** Your assignment **
Pictures stay out; everything else from the first line of the entries down through the line with "73166984 alte Postkarte" gets copied exactly.

** Material shown **
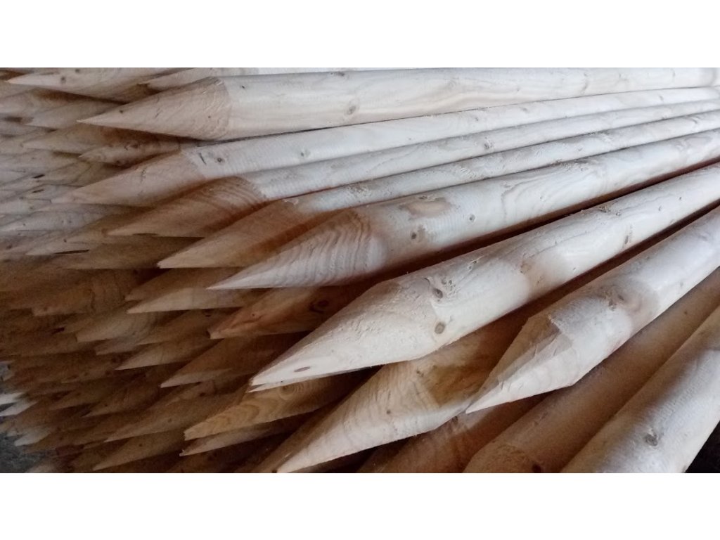 Popis produktu – kůl frézovaný Ø 6cm, délka 200cm, bez impregnace. Dřevěné kůly se špicí, neimpregnované, výška 200 cm a průměr 6 cm. Kůl je z jedné strany zakončen špicí z frézovaného jehličnatého dřeva
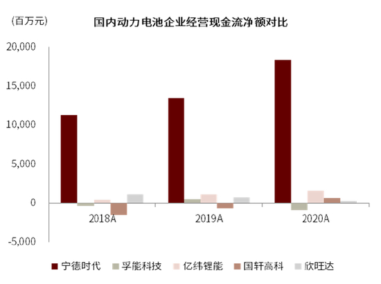 图表:二线电池企业经营现金流整体偏弱
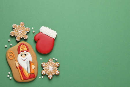 Tasty gingerbread cookies on green background, flat lay with space for text. St. Nicholas Day celebration
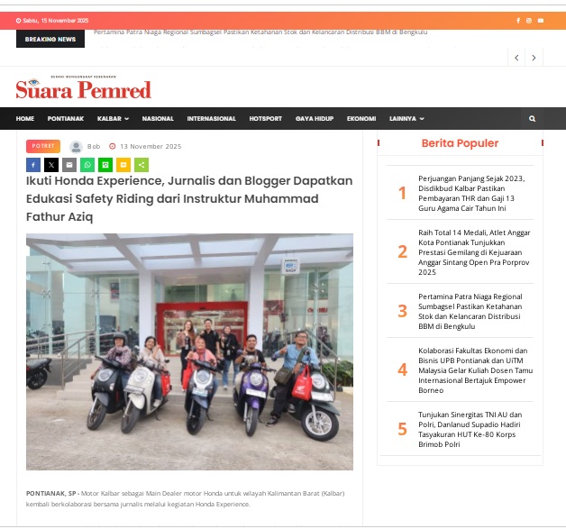 Ikuti Honda Experience, Jurnalis dan Blogger Dapatkan Edukasi Safety Riding dari Instruktur Muhammad Fathur Aziq by masmul 13 November 2025 in Silahkan kunjungi https://www.suarapemredkalbar.com/read/potret/13112025/ikuti-honda-experience-jurnalis-dan-blogger-dapatkan-edukasi-safety-riding-dari-instruktur-muhammad-fathur-aziq. You Might Like Regional Public Launching New ADV160 The SUV Pride Grand Launching New PCX 160 Truly Exceptional! Tetap hati-hati ya bro sist berkendara saat hujan.
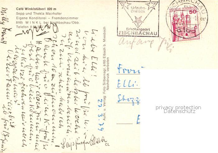 73166984 alte Postkarte Winkl Fischbachau Cafe Winklstueberl postalisch gelaufen Erhaltung siehe scans [KathaD81] KatCode: 11110009182114
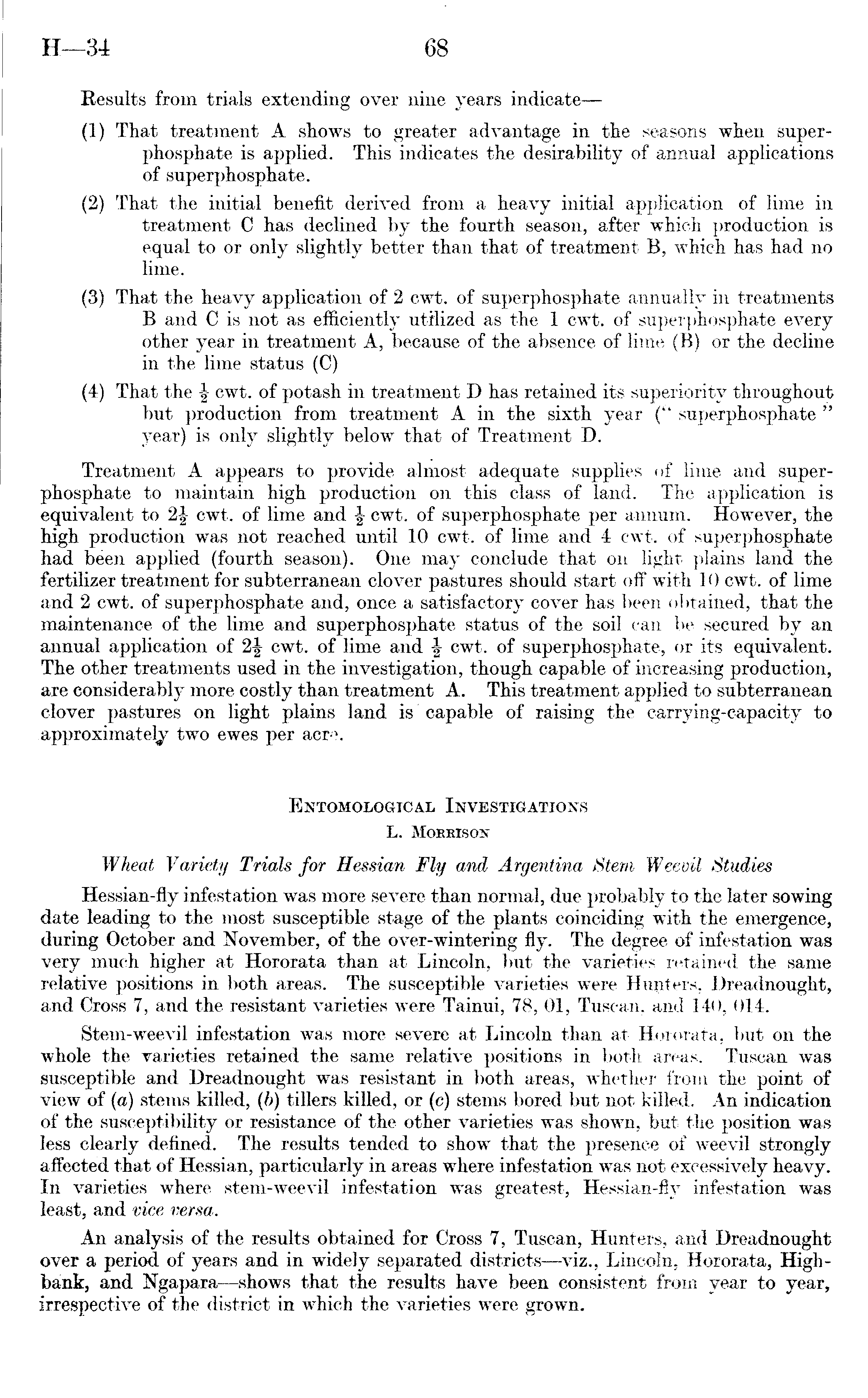 Results from trials extending over nine years indicate—(l) That treatment A shows to greater advantage in the seasons when superphosphate is applied. This indicates the desirability of annual applications of superphosphate. (2) That the initial benefit derived from a heavy initial application of lime in treatment C has declined by the fourth season, after which production is equal to or only slightly better than that of treatment B, which has had no lime. (3) That the heavy application of 2 cwt. of superphosphate annually in treatments B and C is not as efficiently utilized as the 1 cwt. of superphosphate every other year in treatment A, because of the absence of lime (B) or the decline in the lime status (C) (4) That the \ cwt. of potash in treatment D has retained its superiority throughout but production from treatment A in the sixth year (" superphosphate " year) is only slightly below that of Treatment D. Treatment A appears to provide almost adequate supplies of lime and superphosphate to maintain high production on this class of land. The application is equivalent to 1\ cwt. of lime and \ cwt. of superphosphate per annum. However, the high production was not reached until 10 cwt. of lime and 4 cwt. of superphosphate had been applied (fourth season). One may conclude that on light plains land the fertilizer treatment for subterranean clover pastures should start off with 10 cwt. of lime and 2 cwt. of superphosphate and, once a satisfactory cover has been obtained, that the maintenance of the lime and superphosphate status of the soil can be secured by an annual application of cwt. of lime and \ cwt. of superphosphate, or its equivalent. The other treatments used in the investigation, though capable of increasing production, are considerably more costly than treatment A. This treatment applied to subterranean clover pastures on light plains land is ' capable of raising the carrying-capacity to .approximately two ewes per acre. Entomological Investigations L. Morrison Wheat Variety Trials for Hessian Fly and Argentina Stem Weevil Studies Hessian-fly infestation was more severe than normal, due probably to the later sowing date leading to the most susceptible stage of the plants coinciding with the emergence, during October and November, of the over-wintering fly. The degree of infestation was very much higher at Hororata than at Lincoln, but the varieties retained the same relative positions in both areas. The susceptible varieties were Hunters. Dreadnought, and Cross 7, and the resistant varieties were Tainui, 78, 01, Tuscan, and 140, 014. Stem-weevil infestation was more severe at Lincoln than at Hororata, but on the whole the varieties retained the same relative positions in both areas. Tuscan was susceptible and Dreadnought was resistant in both areas, whether from the point of view of (a) stems killed, (b) tillers killed, or (c) stems bored but not killed. An indication of the susceptibility or resistance of the other varieties was shown, but the position was less clearly defined. The results tended to show that the presence of weevil strongly affected that of Hessian, particularly in areas where infestation was not excessively heavy. In varieties where stem-weevil infestation was greatest, Hessian-fly infestation was least, and vice versa. An analysis of the results obtained for Cross 7, Tuscan, Hunters, and Dreadnought over a period of years and in widely separated districts —viz., Lincoln, Hororata, Highbank, and Ngapara—shows that the results have been consistent from year to year, irrespective of the district in which the varieties were grown.

** Answer to the exercise **
 Popis produktu – kůl frézovaný Ø 6cm, délka 200cm, bez impregnace. Dřevěné kůly se špicí, neimpregnované, výška 200 cm a průměr 6 cm. Kůl je z jedné strany zakončen špicí z frézovaného jehličnatého dřeva
 图表:二线电池企业经营现金流整体偏弱
 Tasty gingerbread cookies on green background, flat lay with space for text. St. Nicholas Day celebration
 Ikuti Honda Experience, Jurnalis dan Blogger Dapatkan Edukasi Safety Riding dari Instruktur Muhammad Fathur Aziq by masmul 13 November 2025 in Silahkan kunjungi https://www.suarapemredkalbar.com/read/potret/13112025/ikuti-honda-experience-jurnalis-dan-blogger-dapatkan-edukasi-safety-riding-dari-instruktur-muhammad-fathur-aziq. You Might Like Regional Public Launching New ADV160 The SUV Pride Grand Launching New PCX 160 Truly Exceptional! Tetap hati-hati ya bro sist berkendara saat hujan.
 73166984 alte Postkarte Winkl Fischbachau Cafe Winklstueberl postalisch gelaufen Erhaltung siehe scans [KathaD81] KatCode: 11110009182114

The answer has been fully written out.